▶ Problem details: Look below for the line containing "Caroline Aaron, Kevin"; from there, print each line exactly up to and including the line containing "Увеличение. Микроскоп Levenhuk", and stop.

▶ Task data:
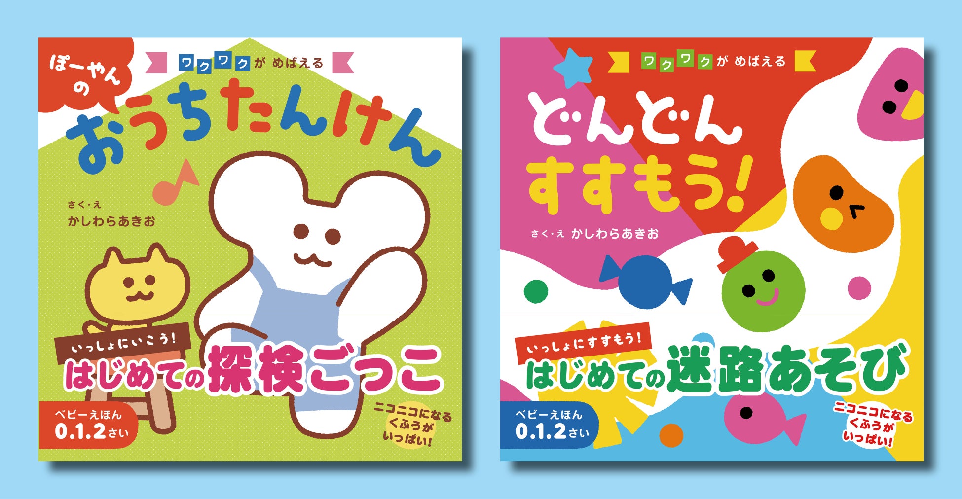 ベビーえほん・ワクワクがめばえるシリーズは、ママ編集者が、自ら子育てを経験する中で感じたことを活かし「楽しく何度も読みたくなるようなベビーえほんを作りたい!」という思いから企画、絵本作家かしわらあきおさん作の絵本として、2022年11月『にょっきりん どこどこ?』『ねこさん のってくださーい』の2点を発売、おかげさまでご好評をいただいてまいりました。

---

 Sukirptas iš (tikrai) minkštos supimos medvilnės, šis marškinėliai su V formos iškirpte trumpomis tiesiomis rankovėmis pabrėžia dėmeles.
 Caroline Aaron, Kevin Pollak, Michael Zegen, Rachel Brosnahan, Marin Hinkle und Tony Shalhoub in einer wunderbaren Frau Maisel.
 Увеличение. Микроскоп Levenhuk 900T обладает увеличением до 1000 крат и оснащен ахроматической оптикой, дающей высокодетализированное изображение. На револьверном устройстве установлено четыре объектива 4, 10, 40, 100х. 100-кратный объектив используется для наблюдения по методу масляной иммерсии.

▶ Result of the task:
 Caroline Aaron, Kevin Pollak, Michael Zegen, Rachel Brosnahan, Marin Hinkle und Tony Shalhoub in einer wunderbaren Frau Maisel.
 Увеличение. Микроскоп Levenhuk 900T обладает увеличением до 1000 крат и оснащен ахроматической оптикой, дающей высокодетализированное изображение. На револьверном устройстве установлено четыре объектива 4, 10, 40, 100х. 100-кратный объектив используется для наблюдения по методу масляной иммерсии.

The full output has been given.